Failure has consequences, even if these tech giants have convinced themselves it doesn’t.


Failure is all the rage—for tech companies

  1. Some of the silly business decisions and failure examples mentioned in this article are actually not failure nor bad business decision blunders, when you analyze the business dynamics a little closer. Take the Google US$12.5 billion buy-out of Motorola in 2012 then sell it to Lenovo for US$2.9 billion a year later; on the surface this looks like a US$9.6 billion lost to Google in this deal. However, when we drill into the details of the deal, we will find out there are net benefits for all three companies involved (Google, Motorola & Lenovo).
    Google purchased Motorola for 2 main purposes. The first one, which is more on the surface, to re-energize the Android’s ecosystem by using some of Motorola’s patented technologies.
    Also, Google still owes and kept much of Motorola’s patents even after selling to Lenovo; those patents which can be later sell off individually and yield a much higher price or keeping them to Google’s strategic benefits (e.g. preventing other competitors owning certain technology patents first is a strategically sound move).
    The Second reason is a little less obvious but it is more important but very much related to the first.. and the real reason for Google to purchase Motorola at the first place. Having Motorola onboard, Google made use of Motorola hardware manufacturing capacity to produce “stock” Android experience devices (FYI, stock Android experience means, no manufacture customized UI on top of the Android OS on the device, e.g. Samsung put their TouchWiz UI on top of their Android devices. Almost all mobile manufacturers put their proprietary UI on top of the Andriod OS).
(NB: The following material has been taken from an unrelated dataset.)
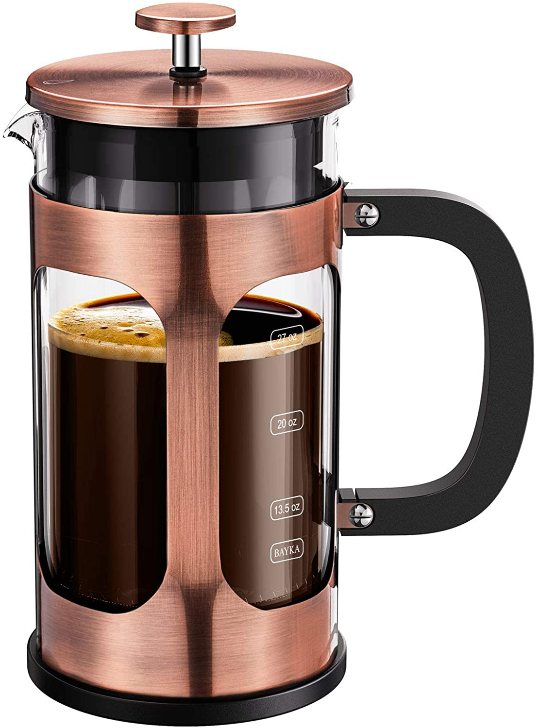 Here's another budget-friendly French press. The Espro Press is made for those who want their cup of java quick, fast, and in a hurry! Unlike other French presses, this Espro Press has a double micro-filter to ensure those coffee grinds don't slip in your cup of joe. This French press also has a sophisticated extraction that will prevent your coffee from tasting bitter over time. While this French press may not be as big as the others ( you can always go bigger because the Espro Press has a few size options), you'll be at ease knowing that your brews taste fresh after every use.

    One may ask, why Google all of a sudden so insist on producing “stock” Android phones? Well, apparently, Samsung in the recent years has been pushing their customized UI, TouchWiz on their Android devices a little too much and adding too many bloatwares on their devices, as it began to slow down Android performance on their devices. Even worse, Samsung began to build their own OS, Tizen, which looks identical to its TouchWiz interface, an obvious development to switch over from Android OS to Tizen eventually. Fearing that Tizen will out gun Android, given Samsung’s dominance on the Android market, Google saw this as a threat to their Android OS in the long run.
    So…in response, Google with Motorola, produced a few stock Android base devices like the Motorola X & Motorola G to make a statement in the market (particularly toward Samsung), to show that they have the ability produce their own devices, even if they cut tide with any one of the partner manufacturers. And they strategy worked! In January, 2014, Samsung and Google signed an agreement, which include some patent deals and also Samsung would tone down TouchWiz and reduce the number of bloatwares. This move also re-established Android OS’s importance within the market.
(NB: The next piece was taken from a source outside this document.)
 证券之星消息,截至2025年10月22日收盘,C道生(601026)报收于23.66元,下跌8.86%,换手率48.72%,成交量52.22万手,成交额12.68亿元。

    As for Lenovo purchasing Motorola off Google (in fact, Google announced the sales of Motorola to Lenovo two days after they signed the agreement with Samsung!) It is beneficial to Lenovo as well, as a world leading mobile manufacturer; globally, they are one of the top five manufacturer. And eagerly waiting for the opportunity enter the North American market. As Motorola is a much more well-known brand name then Lenovo in the North American soil, Lenovo may as well manufacture mobile hardware with Motorola brand name on top to enter the North American market. A $2.9 billion buying an entrance ticket into the North American market, seems fair enough to Lenovo and Google (remember, Google still retain all the other Motorola’s patents, they are just selling the brand name to Lenovo literally).
    All-in all, in the Google buy-out then sell off Motorola example, it is a win-win for everyone. Well except for Samsung I suppose.
    Companies sometimes make some really bizarre business moves or decisions that are hard to comprehend by the general public but that are actually making a lot of sense and strategically sound. Just that, if we really want to analyze the situations we need to do a lot more digging, which most of the general public don’t even have the time to do so and sometimes certain critical information are not even available to the general public for analyzing the complete picture.